The combined effect of ICIs and denosumab have been previously studied in other malignancies. Angela et al. reported that the combined treatment of PD-1 inhibitor and denosumab resulted in osteosclerotic changes on bone metastases in 62% of stage IV melanoma (24). Furthermore, in a clinical study, a longer mean duration of concomitant use of ICIs and denosumab was associated with increased overall response rate (ORR) (CR + PR) in melanoma and NSCLC as well as increased overall survival in NSCLC (23). On the other hand, Qin et al. reported that the use of BMA was not associated with decreased SREs or differences in survival in patients with metastatic NSCLC (25). Thus, the influence of the concomitant use of denosumab in ICI treatment on clinical outcomes has not yet been clarified, and the prognostic significance of ICI treatment in NSCLC with bone metastases remains inconsistent (26).

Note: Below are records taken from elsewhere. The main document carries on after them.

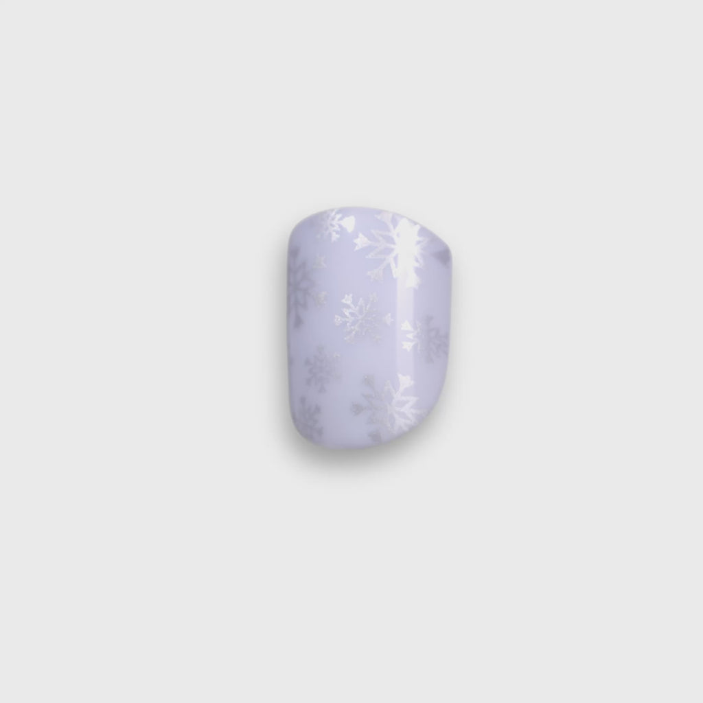 Santa's Squad: Vixen short square press on nails come in a blue shiny finish with a snowflake nail design.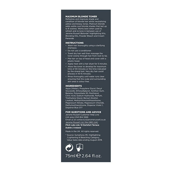 Product Information:PLATINUM BLONDE COLOUR TONER for use on pre-lightened and natuarally blonde hair. Non permanent. No ammonia or peroxide,Features:Platinum blonde adds subtle cool blonde shades that last up to 8 washes,Benefit:Refresh and improve the shade and condition of your blonde hair in one wash! Easy to use and ideal for refreshing your colour, as it neutralises yellow and brassy tones, restoring natural, subtle blonde tones,Warning or Restrictions:We advise, and it is stated on the product instructions, everyone should perform a strand test before dyeing their hair, even if they have used the product before, as that ensures they will achieve the right result,Product Specification:Aqua, Propylene Glycol, Decyl Glucoside, Ethoxydiglycol, Xanthan Gum, Betaine, Polysorbate-20, Panthenol, Citric Acid, Sodium Hydroxide, Parfum, Linalool, Triethylene Glycol, Benzyl Alcohol, Methylchloroisothiazolinone, Methylisothiazolinone, Magnesium Nitrate, Magnesium Chloride, Disperse Violet 1, Disperse Blue 377,Product Uses:Wash hair thoroughly using a clarifying shampoo. Do not use a conditioner. Massage toner through towel dried hair evenly from root to tip. Pile hair on top of head and cover with a plastic hood. Apply heat with a hair dryer for 5 minutes. Allow the toner to develop for maximum time of 30minutes or the time indicated on the strand test. Very dry hair could process in 10-15 minutes. Rinse thoroughly until water runs clear ensuring that the scalp and surrounding skin area is colour free,Recyclable:Carton & plastic bottle are recyclable,Tips and Advice:Always read the Application Guide included in the carton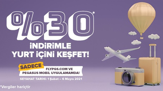 Pegasus Havayolları, misafirlerine 1 Şubat-6 Mayıs 2021 tarihlerinde yurt içine yapacakları seyahatlerde yüzde 30 indirimli uçma fırsatı sunuyor
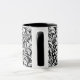 Caneca de café em uma cor damasco de William Morris do vintage de flores e de folhas do cardo, no branco, em um fundo preto, digital aumentado e colorido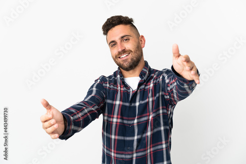 Caucasian man isolated on white background presenting and inviting to come with hand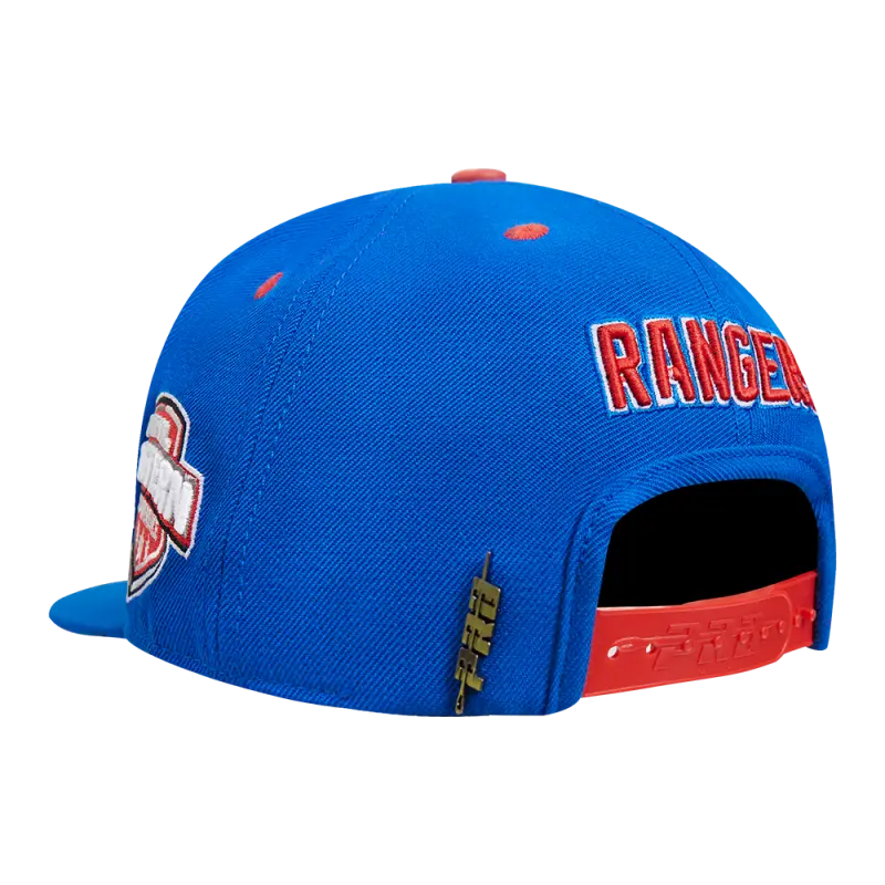 NHL NEW YORK RANGERS OLD ENGLISH UNISEX 6 PANEL SNAPBACK HAT (ROYAL BLUE)
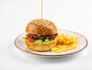 Бургер с говяжьей котлетой, листом салата, свежим томатом, соленым огурчиком и соусом барбекю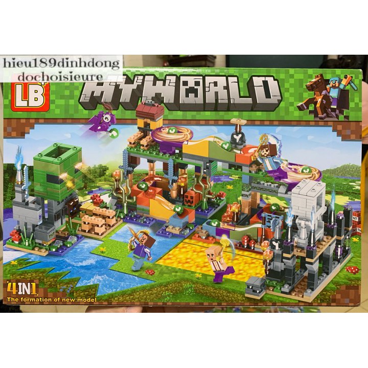 Lego minecraft 565 : Cuộc chiến trên đảo đầu lâu dành kiếm rìu kim cương 1036+ mảnh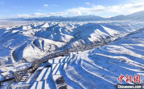 2023年12月21日,祁连山国家公园民乐段群山被白雪覆盖,峰峦间云雾缭绕。(资料图)王晓泾 摄

It has been shown that Receptor activator of nuclear factor kappa-B ligand (RANKL) inhibitors improve the anti-metastatic activity of PD-1/PD-L1 inhibitors, resulting in subcutaneous growth suppression in mouse models of melanoma, prostate cancer, and colon cancer (27). Additionally, the RANKL/RANK axis has been shown to affect the immune response such as regulatory, CD8+ and CD4+ T cells, as well as myeloid suppressor cells (2832). Ahern et al. reported that optimal antitumor effects were observed when anti-RANKL was initiated concurrently with or after ICI treatment (27). In our study, denosumab was initiated at the same time as ICI treatment in cases where the therapeutic effect on bone metastasis was CR or PR. These reports support the results of our study, except for the duration of concomitant use of denosumab. Regarding that duration, our results showed no significant difference in the response of ICIs to bone metastasis. However, five out the seven patients evaluated as CR or PR based on the MDA criteria were still treated with combined therapy, which may make a significant difference in the future. The exact mechanism underlying the antitumor effect of the concomitant use of ICIs and denosumab requires further analysis.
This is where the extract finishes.